Vb.net 获取包含“/product/”的所有链接

vb.net web-scraping web-crawler

Vb.net 获取包含“/product/”的所有链接,vb.net,web-scraping,web-crawler,html-agility-pack,Vb.net,Web Scraping,Web Crawler,Html Agility Pack,我想获得所有包含/product/的链接。有17个链接包含/product/。怎么做这条线好像有问题 Dim srcs = From iframeNode In htmlDoc.DocumentNode.SelectNodes("//a[@href]") Select iframeNode.Attributes("href").Value 如何按/product/向过滤器添加参数以下是我到目前为止的情况： Imports HtmlAgility

我想获得所有包含/product/的链接。

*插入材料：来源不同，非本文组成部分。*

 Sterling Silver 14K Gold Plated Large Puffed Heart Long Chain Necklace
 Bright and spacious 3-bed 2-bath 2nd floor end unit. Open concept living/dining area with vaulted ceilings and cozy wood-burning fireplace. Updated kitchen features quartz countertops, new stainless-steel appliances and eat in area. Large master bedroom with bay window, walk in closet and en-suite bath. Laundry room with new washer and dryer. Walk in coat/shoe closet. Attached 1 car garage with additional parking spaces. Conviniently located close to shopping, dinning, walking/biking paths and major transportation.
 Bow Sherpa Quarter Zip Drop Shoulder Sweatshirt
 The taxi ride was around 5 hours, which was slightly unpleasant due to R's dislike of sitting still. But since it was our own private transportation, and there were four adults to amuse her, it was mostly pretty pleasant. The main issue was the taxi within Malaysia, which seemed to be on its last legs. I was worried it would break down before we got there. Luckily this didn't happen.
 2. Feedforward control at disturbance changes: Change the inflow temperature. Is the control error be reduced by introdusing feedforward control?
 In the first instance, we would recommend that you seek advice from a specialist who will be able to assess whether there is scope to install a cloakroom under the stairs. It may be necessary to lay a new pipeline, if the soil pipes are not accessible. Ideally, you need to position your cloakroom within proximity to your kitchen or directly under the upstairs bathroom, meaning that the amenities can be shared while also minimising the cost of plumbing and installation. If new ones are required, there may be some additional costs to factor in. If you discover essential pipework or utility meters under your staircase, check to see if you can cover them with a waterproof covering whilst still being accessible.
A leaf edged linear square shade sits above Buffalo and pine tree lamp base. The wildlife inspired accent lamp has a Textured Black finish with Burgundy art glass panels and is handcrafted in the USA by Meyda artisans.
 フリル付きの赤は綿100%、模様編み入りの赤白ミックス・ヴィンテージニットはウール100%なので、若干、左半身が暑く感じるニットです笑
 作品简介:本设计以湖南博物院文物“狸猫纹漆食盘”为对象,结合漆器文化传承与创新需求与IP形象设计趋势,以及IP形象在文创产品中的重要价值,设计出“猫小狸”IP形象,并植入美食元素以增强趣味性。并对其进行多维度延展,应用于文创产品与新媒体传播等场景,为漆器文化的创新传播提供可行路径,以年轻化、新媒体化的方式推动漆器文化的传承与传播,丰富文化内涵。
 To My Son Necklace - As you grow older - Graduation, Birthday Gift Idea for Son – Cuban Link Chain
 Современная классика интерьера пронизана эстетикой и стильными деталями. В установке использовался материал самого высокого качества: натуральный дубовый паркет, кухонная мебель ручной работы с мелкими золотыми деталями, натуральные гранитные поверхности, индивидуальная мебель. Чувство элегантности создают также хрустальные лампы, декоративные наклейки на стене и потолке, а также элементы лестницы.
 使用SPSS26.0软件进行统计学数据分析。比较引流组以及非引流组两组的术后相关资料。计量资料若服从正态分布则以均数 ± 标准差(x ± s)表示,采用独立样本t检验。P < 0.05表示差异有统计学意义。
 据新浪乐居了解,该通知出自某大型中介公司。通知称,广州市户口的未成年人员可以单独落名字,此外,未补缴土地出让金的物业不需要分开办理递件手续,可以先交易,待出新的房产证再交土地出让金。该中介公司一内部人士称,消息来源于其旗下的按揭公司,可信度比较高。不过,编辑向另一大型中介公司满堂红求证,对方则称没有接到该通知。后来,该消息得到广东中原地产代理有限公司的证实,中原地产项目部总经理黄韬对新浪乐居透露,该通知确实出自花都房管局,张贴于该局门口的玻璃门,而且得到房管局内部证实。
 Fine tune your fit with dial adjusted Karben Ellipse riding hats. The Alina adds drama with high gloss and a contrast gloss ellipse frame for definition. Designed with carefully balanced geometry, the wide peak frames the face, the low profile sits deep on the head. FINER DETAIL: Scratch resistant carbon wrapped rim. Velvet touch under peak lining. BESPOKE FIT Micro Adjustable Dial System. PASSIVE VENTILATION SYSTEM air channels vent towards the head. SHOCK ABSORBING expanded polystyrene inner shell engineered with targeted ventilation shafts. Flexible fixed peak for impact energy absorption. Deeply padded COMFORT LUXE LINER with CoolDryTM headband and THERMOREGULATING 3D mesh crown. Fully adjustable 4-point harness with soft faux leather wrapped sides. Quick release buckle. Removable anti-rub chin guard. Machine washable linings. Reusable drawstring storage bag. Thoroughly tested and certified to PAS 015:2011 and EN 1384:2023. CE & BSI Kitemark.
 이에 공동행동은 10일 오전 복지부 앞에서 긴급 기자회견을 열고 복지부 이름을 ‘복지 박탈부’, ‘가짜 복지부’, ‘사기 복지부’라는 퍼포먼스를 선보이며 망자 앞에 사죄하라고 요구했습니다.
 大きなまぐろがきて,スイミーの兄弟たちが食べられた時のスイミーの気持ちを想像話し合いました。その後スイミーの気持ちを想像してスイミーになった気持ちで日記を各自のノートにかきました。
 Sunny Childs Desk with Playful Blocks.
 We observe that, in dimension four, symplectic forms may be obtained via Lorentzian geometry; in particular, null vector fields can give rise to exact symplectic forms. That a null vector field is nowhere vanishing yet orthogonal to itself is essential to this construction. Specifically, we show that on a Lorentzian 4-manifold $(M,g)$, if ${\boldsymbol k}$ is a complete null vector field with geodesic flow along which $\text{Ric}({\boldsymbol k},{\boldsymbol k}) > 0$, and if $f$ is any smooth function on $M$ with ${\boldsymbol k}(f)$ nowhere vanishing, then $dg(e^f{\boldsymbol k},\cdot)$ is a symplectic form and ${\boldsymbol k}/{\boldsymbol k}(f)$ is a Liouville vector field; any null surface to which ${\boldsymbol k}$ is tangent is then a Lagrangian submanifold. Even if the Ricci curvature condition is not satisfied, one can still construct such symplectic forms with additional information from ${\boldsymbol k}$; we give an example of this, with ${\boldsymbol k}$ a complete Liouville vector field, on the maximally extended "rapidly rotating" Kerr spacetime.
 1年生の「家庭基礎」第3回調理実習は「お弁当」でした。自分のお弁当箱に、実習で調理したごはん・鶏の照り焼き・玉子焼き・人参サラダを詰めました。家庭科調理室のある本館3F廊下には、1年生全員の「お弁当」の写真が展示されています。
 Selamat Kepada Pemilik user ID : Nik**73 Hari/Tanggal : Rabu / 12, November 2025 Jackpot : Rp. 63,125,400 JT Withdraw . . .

有17个链接包含/product/。怎么做

这条线好像有问题

Dim srcs = From iframeNode In htmlDoc.DocumentNode.SelectNodes("//a[@href]")
                       Select iframeNode.Attributes("href").Value

如何按/product/向过滤器添加参数

以下是我到目前为止的情况：

Imports HtmlAgilityPack

Module Module1

    Sub Main()
        Dim mainUrl As String = "https://www.nordicwater.com/products/waste-water/"
        Dim htmlDoc As New HtmlAgilityPack.HtmlDocument

        htmlDoc.LoadHtml(mainUrl)

        Dim srcs = From iframeNode In htmlDoc.DocumentNode.SelectNodes("//a[@href]")
                   Select iframeNode.Attributes("href").Value

        'print all the src you got
        For Each src In srcs
            Console.WriteLine(src)
        Next
    End Sub

End Module

编辑：

工作解决方案：

    Imports HtmlAgilityPack

    Module Module1

        Sub Main()
            Dim mainUrl As String = "https://www.nordicwater.com/products/waste-water/"
            Dim htmlDoc As HtmlDocument = New HtmlWeb().Load(mainUrl) '< - - - Load the webage into htmldocument

            Dim srcs As HtmlNodeCollection = htmlDoc.DocumentNode.SelectNodes("//ul[@class='products-list-page']//a") '< - - - select nodes with links
            For Each src As HtmlNode In srcs
                Console.WriteLine(src.Attributes("href").Value) '< - - - Print urls

            Next

                Console.Read()

        End Sub

    End Module

您必须先加载网页，然后选择要打印的节点和属性

这里有一个方法：

    Dim mainUrl As String = "https://www.nordicwater.com/products/waste-water/"
    Dim htmlDoc As HtmlDocument = New HtmlWeb().Load(mainUrl) '< - - - Load the webage into htmldocument

    Dim srcs As HtmlNodeCollection = htmlDoc.DocumentNode.SelectNodes("//ul[@class='products-list-page']//a") '< - - - select nodes with links
    For Each src As HtmlNode In srcs
        Console.WriteLine(src.Attributes("href").Value) '< - - - Print urls
    Next

您需要学习调试，如果您检查了代码，您会看到您将htmlDoc html设置为url字符串，而不是加载实际的网页html。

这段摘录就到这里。